Jeszcze tylko rok... A potem? Hulaj duszo, piekla nie ma! A na
razie niestety chodze do liceum, z glowa w chmurach, pelna marzen. Dusze
sie z braku mozliwosci wyjechania. Ja chce zyc! Chce zwiedzac! Nocowac w
namiocie! Poznawac ludzi! Serce mi sie wyrywa do dziczy. Nie jestem
typem miastowego czlowieka, typem osadnika. Lubie zmieniac miejsca
Chcialabym...
Chcialabym wyjechac tam, gdzie czas nie istnieje, gdzie nie ma
pospiechu.
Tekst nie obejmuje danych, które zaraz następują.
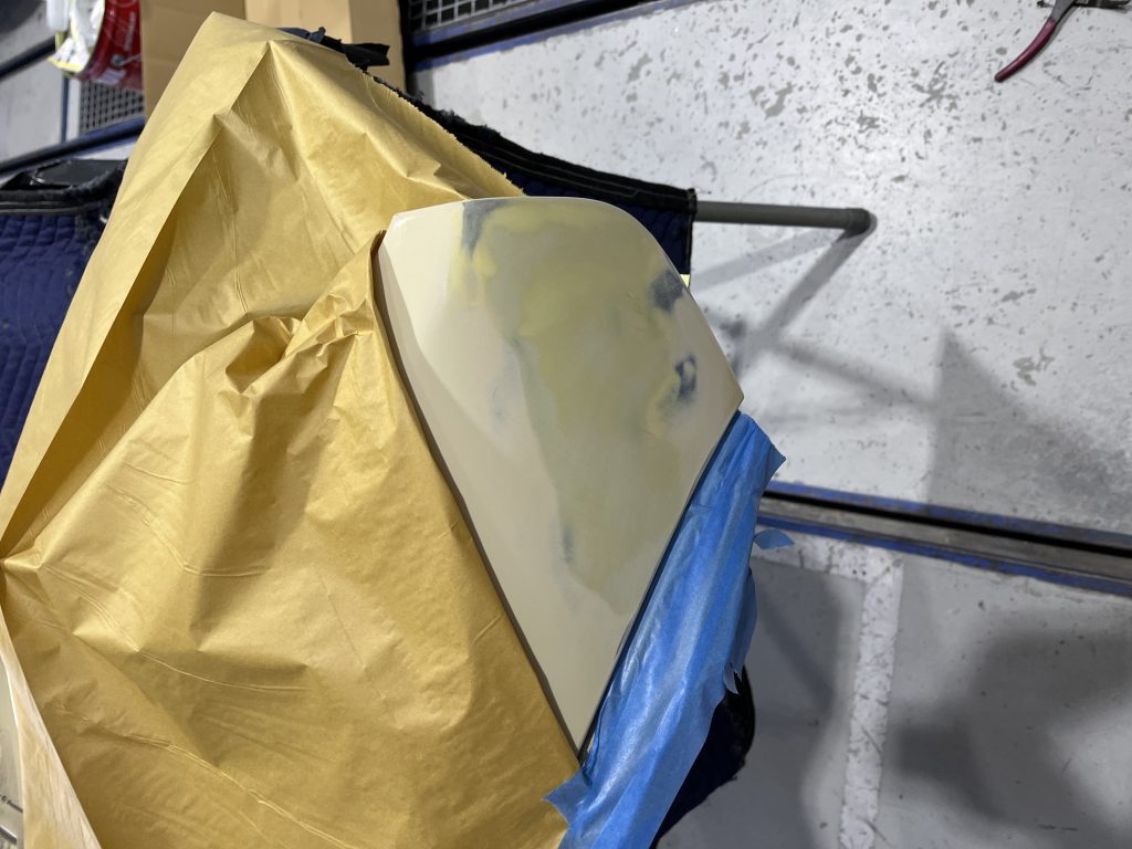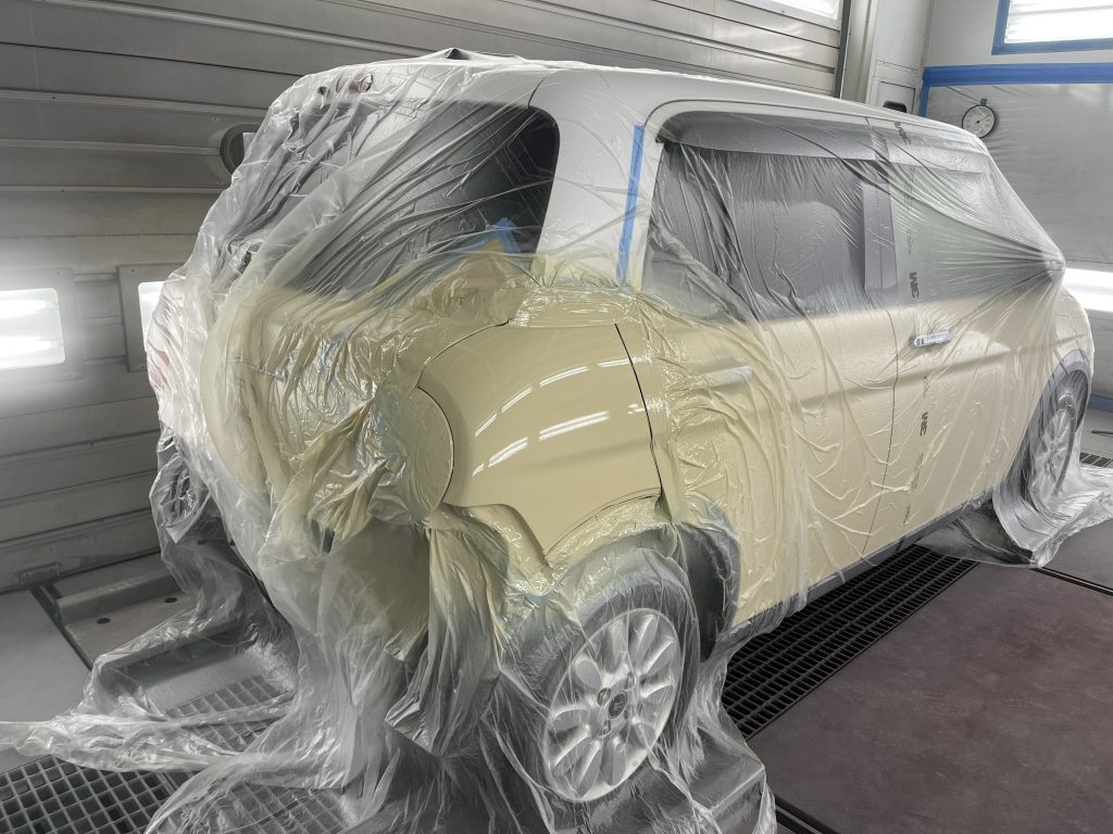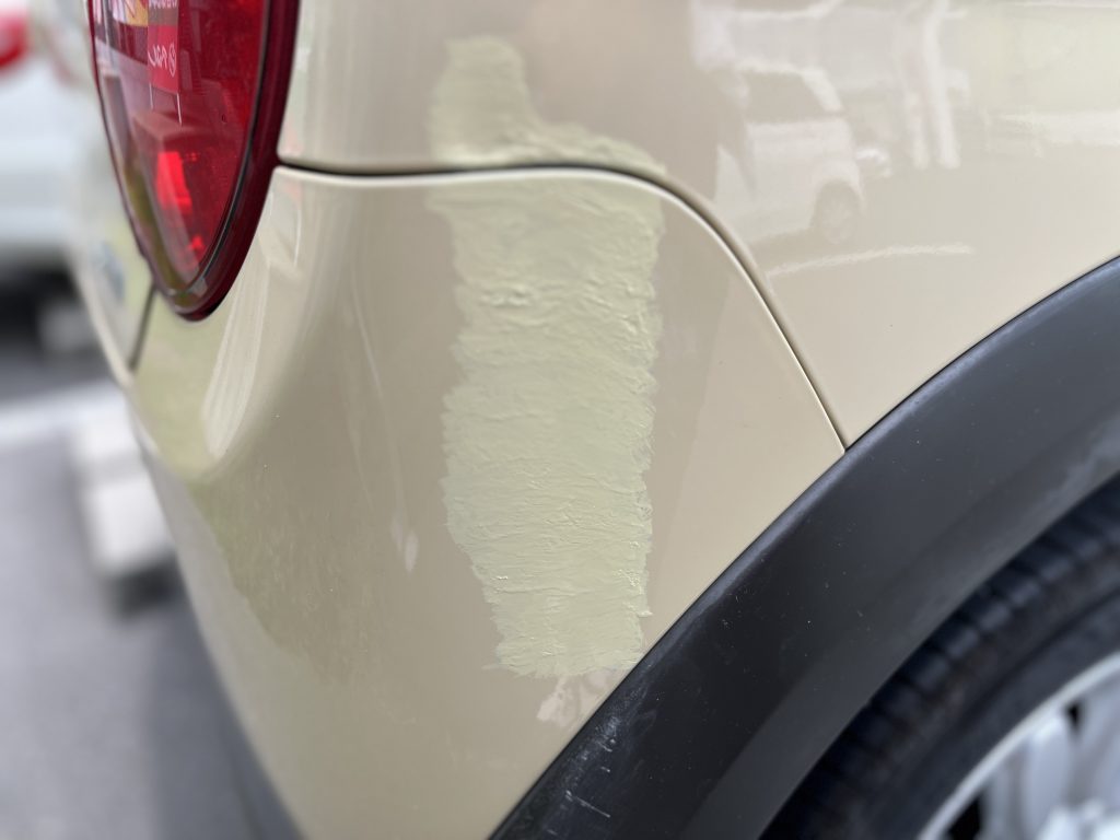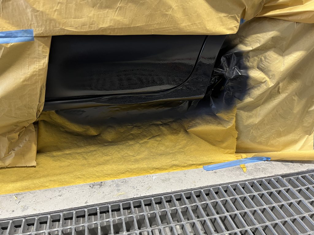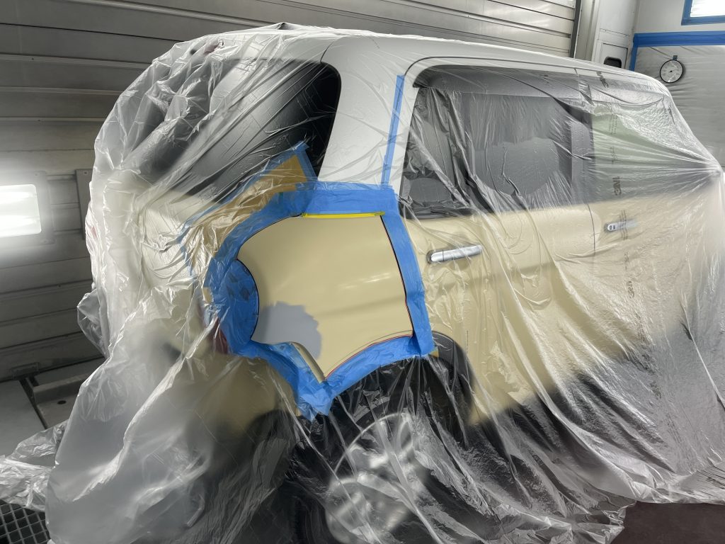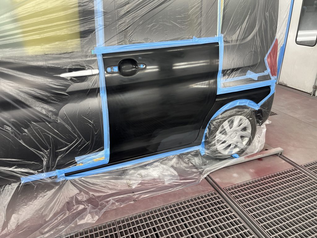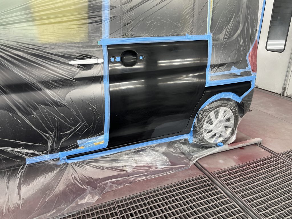 左のリヤドアとクォーターの塗装を行いました。
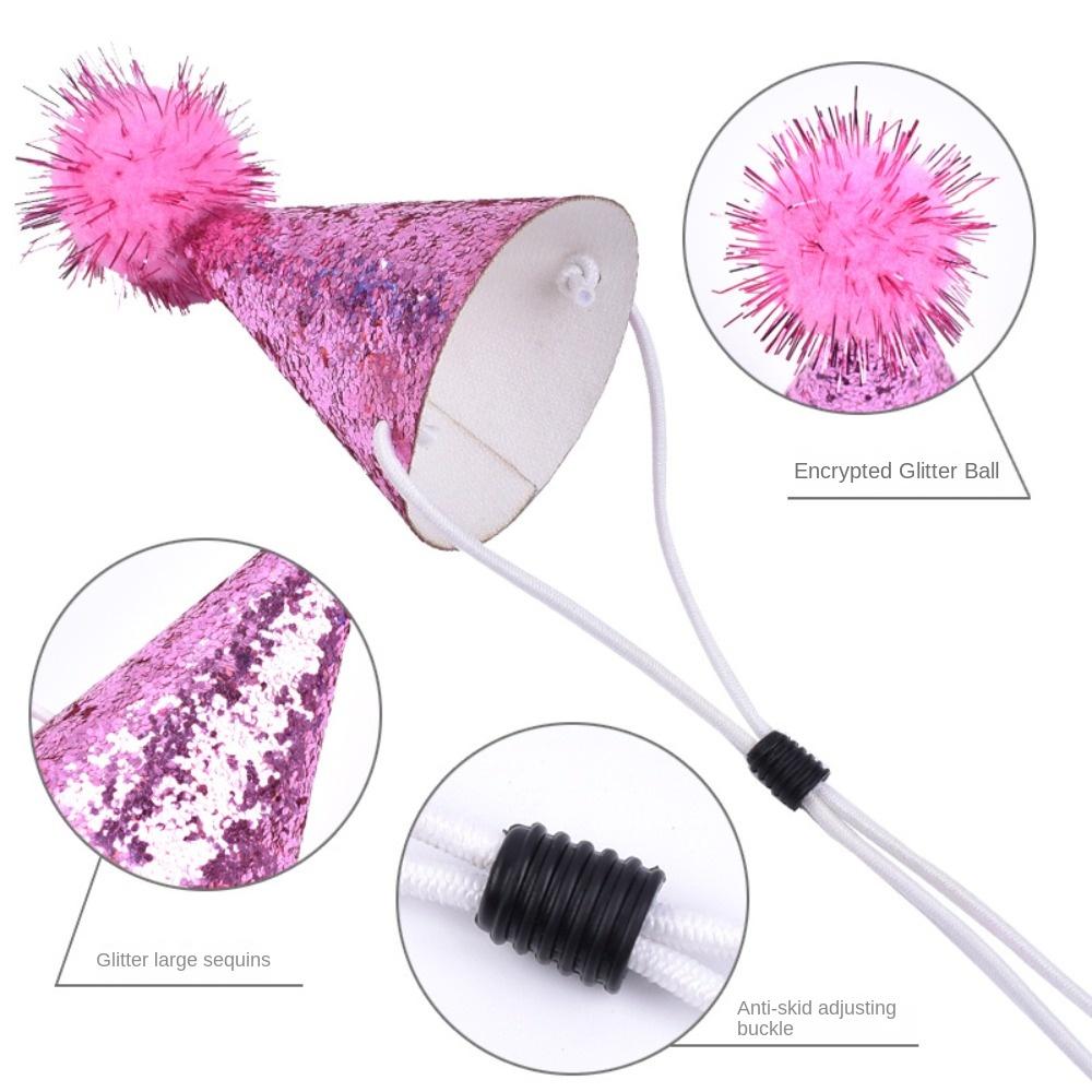 Creative Glitter Dog Birthday Hat Shiny Colorful Hairball Cat Party Cap Cute Adjustable Pet Headband Hats
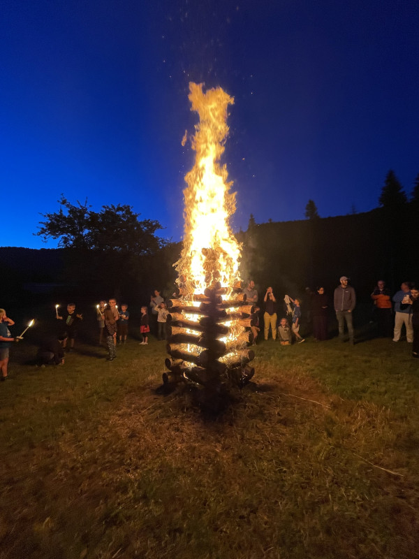 Bei Einbruch der Dunkelheit wird nach dem Fackelzug mit den Kindern in Begleitung ihrer Eltern das Sonnwendfeuer entzündet.
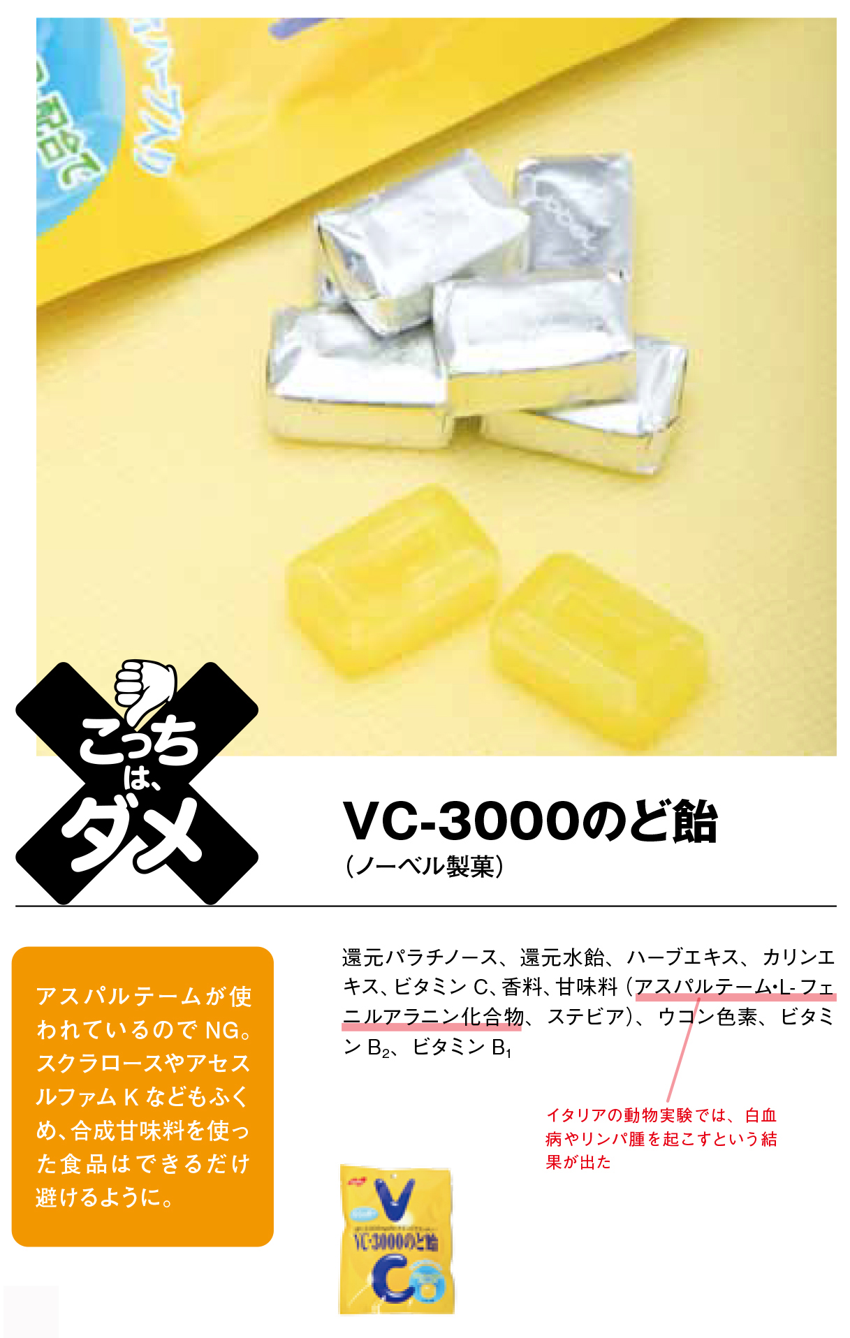 【VC-3000 のど飴】は、歌手の天童よしみさんのテレビCM で知られる商品ですが、合成甘味料のアスパルテームが使われています。イタリアの動物実験では、白血病やリンパ腫を起こすという結果が出ているので、できるだけ避けた方がいいでしょう。

Tam gdzie ludzie po prostu zyja. Czytalam kiedys ksiazke
Beaty Pawlikowskiej (polecam wszystkie jej ksiazki o podrozach, bardzo
przyjemnie i niestety szybko sie czyta), ktora tak
opisywala jakas dzungle w Ameryce Poludniowej. A wiec tam chce jechac!
Do dzungli! Ale po drodze mysle, ze zwiedze caly swiat, aby docenic
cisze panujaca tam. Do ruchliwego i glosnego Nowego Jorku, do opery w
Sydney, do wielkiego i nieprzewidywalnego Bangkoku!
Kiedys
myslalam, ze beda jedna z tych kobiet, ktore podrozuja same i niczego
sie nie boja. Myslalam, ze podrozowanie w pojedynke, jest duzo lepsze
niz w grupie. Prawdopodobnie dlatego, ze jestem troche typem samotnika.
Nie lubie duzych grup ludzi, glosnych rozmow i krzykow. Lubie usiasc w
ciszy, z kubkiem herbaty w dloniach i napawac sie widokami. Okazalo sie, ze nie
tylko ja tak lubie. Poznalam chlopaka. Gdy sie w nim zakochalam,
nie wiedzialam, ze jestesmy identyczni w glowie i sercu. Teraz
chcialabym jezdzic z nim. Oboje bylibysmy samotnikami siedzacymi razem i
pijacymi herbate (no, ewentualnie piwo), podziwiajacymi widoki. Razem.